Implications and Future Directions
The proposed multimodal approach provides a plausible path toward real-world deployment of anomaly detectors in collaborative, partially unpredictable environments, such as automated factories, healthcare, and logistics systems. By demonstrating that high-level, fused semantic features improve robustness to environmental variation and task complexity, the work suggests a broader trend in robotics toward architectural designs that blend vision, proprioception, and scene understanding at the representation level.
Practically, the ability to detect subtle mechanical or relational anomalies in real time can materially decrease the incidence of unnoticed damages, mishandled objects, or unsafe states, supporting both autonomy and human safety. Theoretically, these results call for additional research into principled multi-view feature fusion, automated threshold selection, and trust calibration in HRI systems.
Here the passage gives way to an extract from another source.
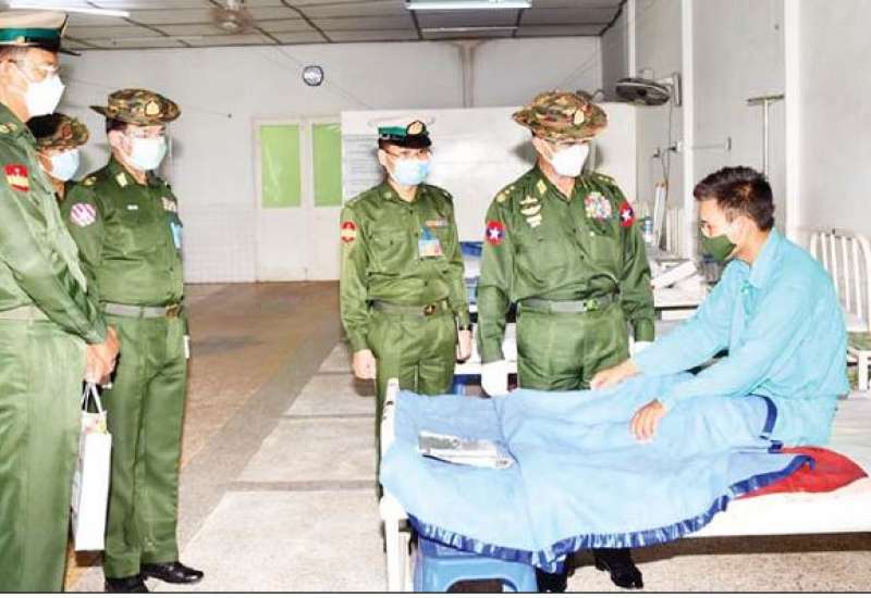 ကရင်ပြည်နယ်၊ ဘားအံမြို့ရှိ နယ်မြေခံတပ်မတော်ဆေးရုံ၌ တက်ရောက် ဆေးကုသမှုခံယူလျက်ရှိသော အရာရှိ၊ စစ်သည်၊ မိသားစုများနှင့် ဒေသခံ ပြည်သူများအား ယနေ့မွန်းလွဲပိုင်းတွင် ကာကွယ်ရေးဦးစီးချုပ်ရုံး(ကြည်း)မှ ဒုတိယဗိုလ်ချုပ်ကြီး အောင်စိုး၊ အရှေ့တောင်တိုင်းစစ်ဌာနချုပ်တိုင်းမှူး ဗိုလ်ချုပ် ကိုကိုမောင်နှင့် အဖွဲ့ဝင်များက သွားရောက်ကြည့်ရှု၍ တစ်ဦးချင်း၏ ရောဂါဖြစ်ပွားမှု၊ ဆေးဝါးကုသပေးထားမှုနှင့် ကျန်းမာရေးတိုးတက်ကောင်းမွန်မှု အခြေအနေများကို မေးမြန်းအားပေး စကားပြောကြားပြီး စားသောက်ဖွယ်ရာများ ပေးအပ်သည်။ ထို့နောက် ဆေးရုံအတွင်းလိုက်လံကြည့်ရှု၍ လိုအပ်သည် များ ညှိနှိုင်းဆောင်ရွက်ပေးသည်။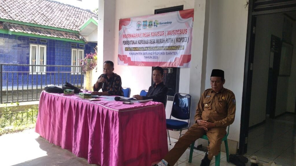 Musyawarah Desa Khusus (MUSDESUS) Pembentukan pengurus Koperasi Desa merah putih digelar di aula Desa Panunggulan. Acara ini dihadiri, Kepala Desa Dulhani. Cari staf. Ketua BPD Panunggulan, Ketua kader RT/RW.Sekmat Nahril Ulum, staf kecamatan Uci Sanusi, dan yang lainya. Acara musyawarah Desa merah putih ini di aula kantor Desa Panunggulan kec,Tunjung Teja Kab.Serang, 27/5/2025

Expansion to larger, more varied datasets and the inclusion of richer relational causality are highlighted as future priorities. Model improvements could include the use of attention-based fusion mechanisms, robust relational learning, and finer anomaly taxonomies for not just detection, but categorization and explanation of failures.
Conclusion
MADRI, as presented in "Multimodal Anomaly Detection for Human-Robot Interaction" (2604.09326), provides compelling evidence that semantic multimodal feature reconstruction is an effective, extensible strategy for anomaly detection in HRI. By fusing task-relevant vision, sensor, and scene relational cues, the framework achieves robust performance across a range of failure scenarios, setting a foundation for future real-world safe HRI deployments and further research into multimodal anomaly detection architectures.